寶珠取過湯匙,目光一睨,將沉在湯面下方的水點心舀了兩個在碗里。
皇后接過來,拿小勺兒舀起一個,嘗了一口,便頓住了:里面有一枚簇新的制錢。
她當然知道寶珠的鬼心眼,這妮兒想挑,就沒有挑走眼的。不過大年初一得了個好彩頭,到底是歡喜的。
皇后笑著放下碗,連聲說:“好好好,你們的孝心,我都受用。”站起身來:“熬了一晚,恕我不周,進去偏一偏。你們姊妹玩樂就是,便是要走,也等霧散盡了再走。”

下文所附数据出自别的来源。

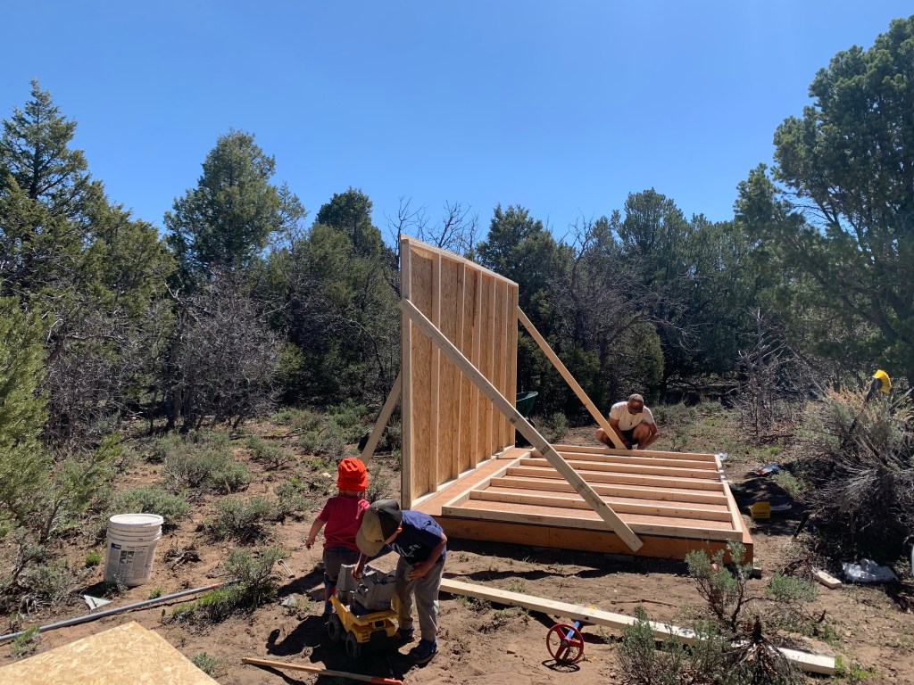 Kitchen in front and bathroom behindCan’t decide if we’re helping Je, or just delaying him 😆Walls are in- now for the joists.

太子妃三人忙起身答應,寶珠要扶著她,皇后道:“你也吃了再去。”
寶珠依她所言,回來接著應酬太子妃她們。水點心是用海碗盛的,講究的就是一家子分食,寶珠又如之前一樣,依次舀了奉與太子妃和黎氏,每人碗里都有一只包著錢的,舀到第三碗,眉舒卻攔住了:“寶珠姑娘也累了一宿,我可不敢再勞你。”讓自己帶來的綰兒接了過去。
寶珠一愣,隨即才反應過來:才剛沒分席,大家坐在一張小圓桌前。皇后坐主位,太子妃在皇后左側,眉舒在皇后右側,黎氏則位于太子妃之左。
待起身送走皇后,三人的位置又挨得近了些。寶珠自該從太子妃起,依次呈上,不想眉舒便覺得受了慢待。
寶珠本欲解釋,可眉舒也不曾明白說,倒不好解釋。大家都熬了四五個時辰,精神略有懈怠,寶珠更是眼皮子都有點兒腫,心一橫,索性不打這個圓場了,眼觀鼻鼻觀心地在一旁侍立著。
她哪里知道,眉舒這口氣是昨晚就慪下了。
昨晚起初是皇后同太子妃三個玩骨牌,做小輩的想討皇后歡心,一味地喂牌,皇后哪不知道,玩得久了便失了興頭,且到底有了年紀,經不住聚精會神好幾個時辰,便讓宮女兒們玩——年節底下,不必太分尊卑。
寶珠便和眉舒身邊的綰兒擲骰子,這個除非是積年的好手,否則都是憑運氣罷了。
綰兒運道旺,沒幾個來回就把寶珠跟前的散錢全贏去了,把看熱鬧的姑姑們逗得哄堂大笑。
寶珠不光笑,還沖皇后撒嬌:“娘娘,我玩不過…”
偏巧太子此時從前頭回來了,跟著湊趣說:“看寶珠那樣兒,再給她一吊錢吧。”
這話猶可,但寶珠一見到他,立刻坐直了身子,笑容也淡了些,落在眉舒眼里,登時不是滋味。
歸根結底,她討厭寶珠這種巧言令色的人,打第一回 見就是。如今她不巧言令色了,才更為反常。
綰兒舀給眉舒的水點心她也沒吃,抿著一塊兒山楂糕,等太子妃和黎氏先后擱下筷子,便也擱下了。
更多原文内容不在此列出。